My beef was with the choice, not the magic itself.  Which leads me to the actual subject of magic in fantasy: is it a handicap or a boon?

It was briefly discussed on Speculative Horizons awhile back, with the general theory being posed by George R.R. Martin’s quote that magic often dilutes a story, diminishing impact and characterization.  This is a complaint that has been echoed by a lot of people when it comes to “high magic” settings (we fly on talking storks who take us to forests where grenades grow on trees and armadillos spew fire) versus “low magic” settings (we solve 90% of our problems with swords and the other 10% with swearing and sex).

They’re not entirely wrong, but I think the issue is a little deeper than can be accurately blamed on a trope.

Magic, ideally, is something of a big deal.  The ability to affect reality in more tangible ways than we’re used to is a cornerstone of fantasy.  As a result, you’ll still see books where a subject of praise is the magic system (Spellwright, The Way of Kings, The Black Prism).  What we’re really praising when we praise it, though, is the ability to turn magic into a part of the world, as opposed to something we just throw out because “it’s fantasy, lol.”

And if magic is indeed a big deal, it should ideally provide more impact, more depth, more character.  Sadly, there’s no shortage of fantasy that does the exact opposite.

It’s fairly easy for magic to dilute the story, since magic can be fairly easy in general.  The Great Darkness can be averted with a magical relic designed specifically to destroy it.  The great warrior can be a muscle-bound jerk and a world-class magician, thus making it very hard to feel sympathy for him (because if he can swing a giant sword, hurl fire and get the girl, does he really need us?)  It can be really hard to establish mood and tone if there are no certainties owing to the ability to do anything.
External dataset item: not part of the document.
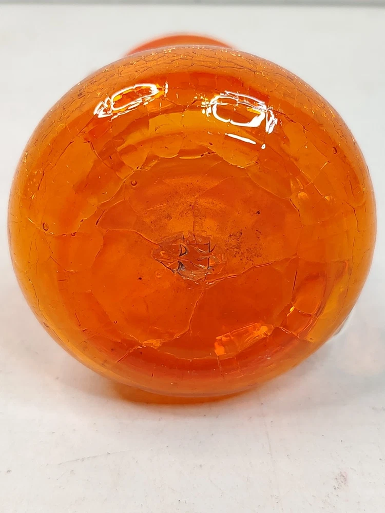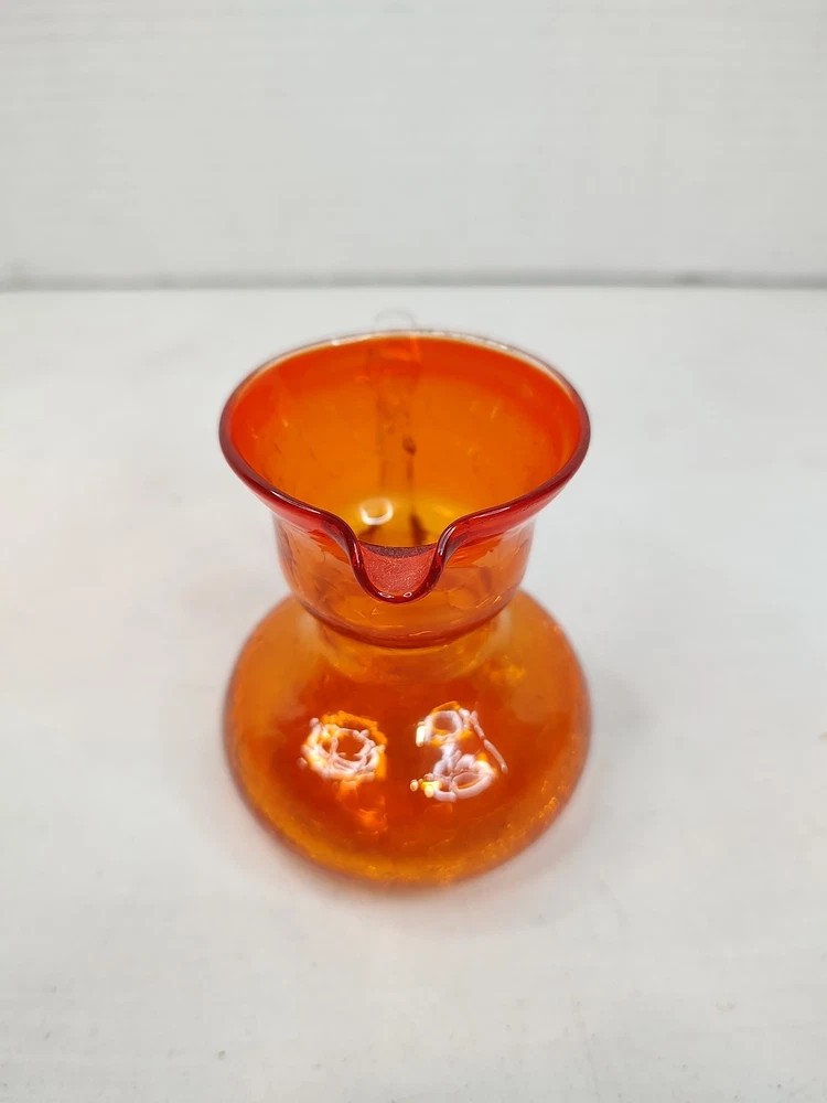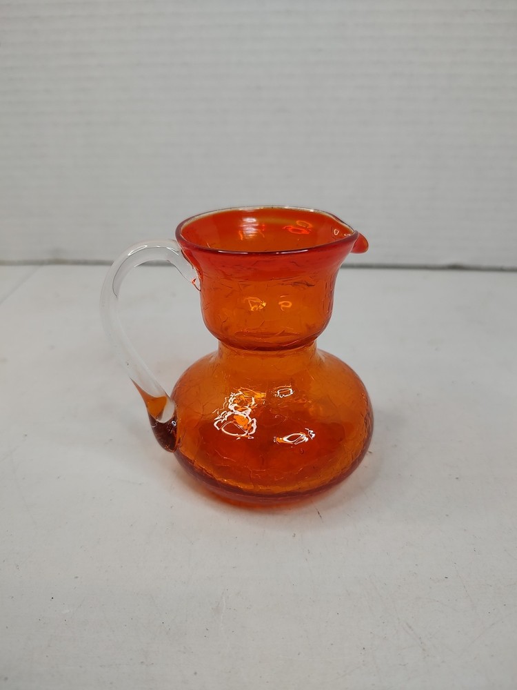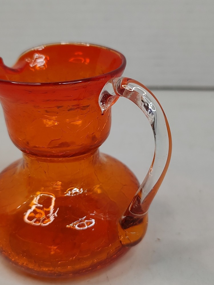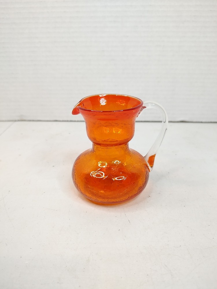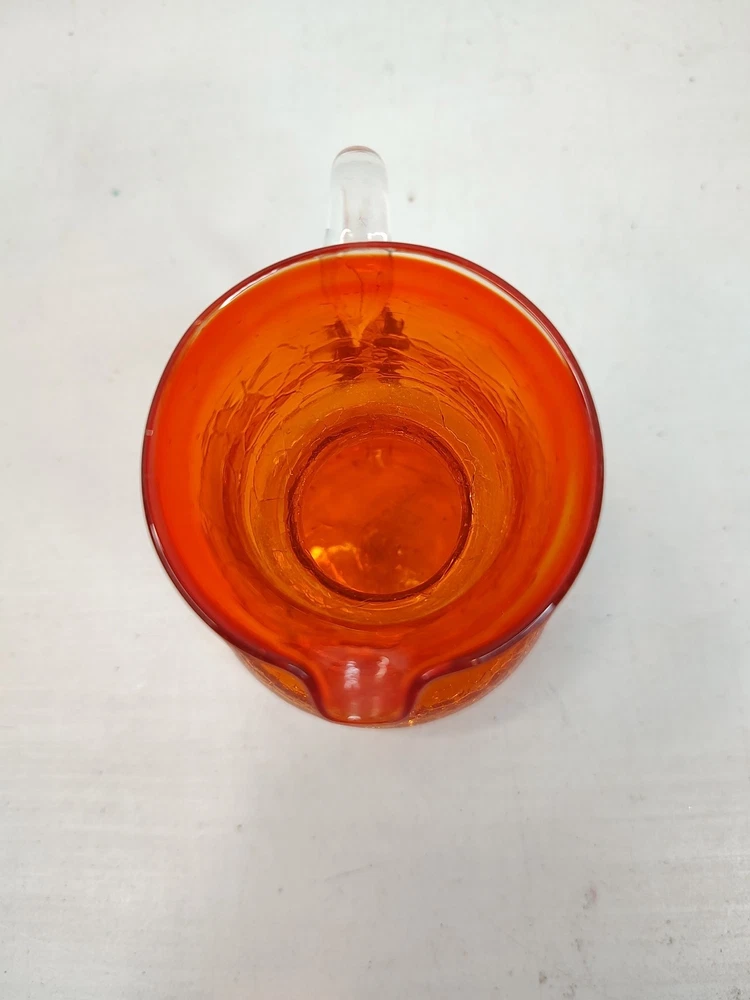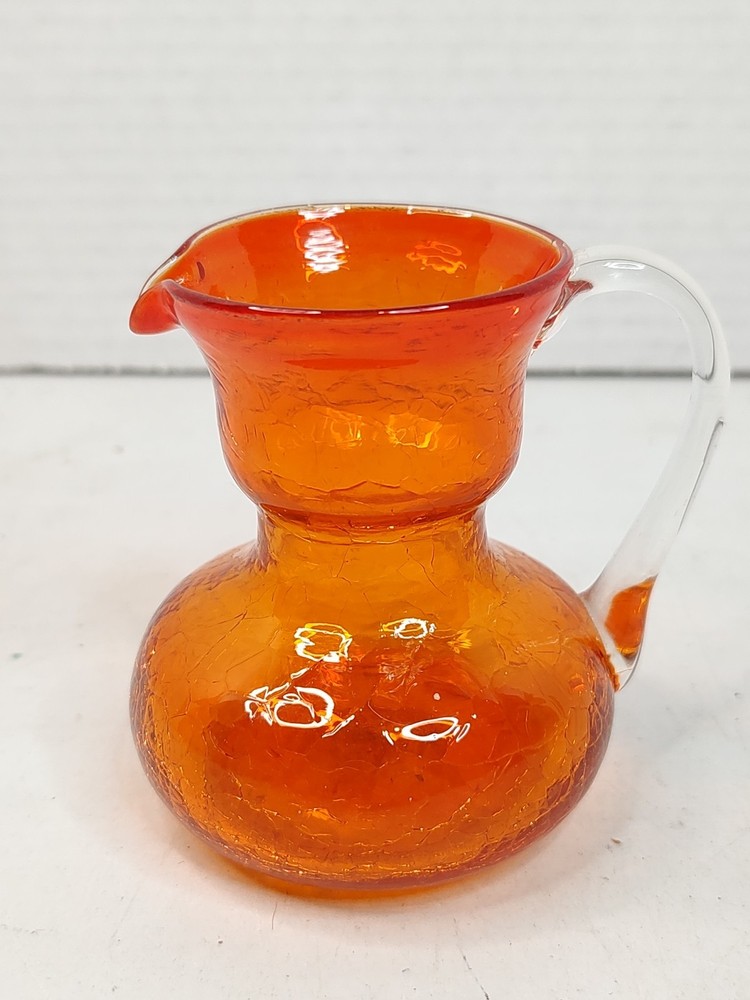 Vintage Mid-Century Orange Crackle Glass Pitcher Creamer with Handle Hand Blown 3.25" High See photos for the condition.

And certainty is what it all comes down to: what does magic do and for what reason?  It’s a character, a part of the world, and like any other character, it needs to be defined.

What are the limitations?  Where does it come from?  Why is it channeled by magic words?  What does the eye of newt do, specifically, in the potion?  Why does a wizard have a spellbook?  Why doesn’t he just keep some condensed notes around?

That’s not to say that magic needs to be outlined, regulated and have its own attorney, though.  It can be a mystical, nebulous thing that doesn’t abide by any rules, logic or any such thing.  But that, too, needs to be certain.  If we are certain that magic is an ancient force beyond our reckoning, then it will jar us if Abercrombie the Swineherd can command the plants to speak.  If we’re certain that magic is prevalent enough that Abercrombie the Swineherd can command the plants to speak, then it will jar us if people don’t solve most of their problems by magic.

Magic is a complicated thing, plot-wise, and above all, it requires a firm choice.  I can see why a lot of people choose to abandon it in their books, it can easily lead to something overly-complex and confusing.  If magic can do A and B, but not C, what happens when we need C?  Ideally, that conflict is what draws the reader in.  But too often, in their search for C, the author will decide that magic suddenly can do C, but just this once and no, they won’t tell you why.

And then we’re not writing a story anymore, we’re just shoehorning things in for the sake of moving things along.  And at that point, the reader, too, is merely moving along, going through the motions instead of actually getting involved in the story.  The tension is gone and the impact is gone.

When we praise good magic systems, we’re praising the fact that they are part of the plot, not shoehorned in.  When we praise stories that are low magic, we’re praising the characters and plot that work without it.  As ever, it comes down to my favorite thing ever said by Scott Lynch that was not “do you want ten dollars, Sam”: “There is no such thing as a bad cliche, only a bad way to use them.”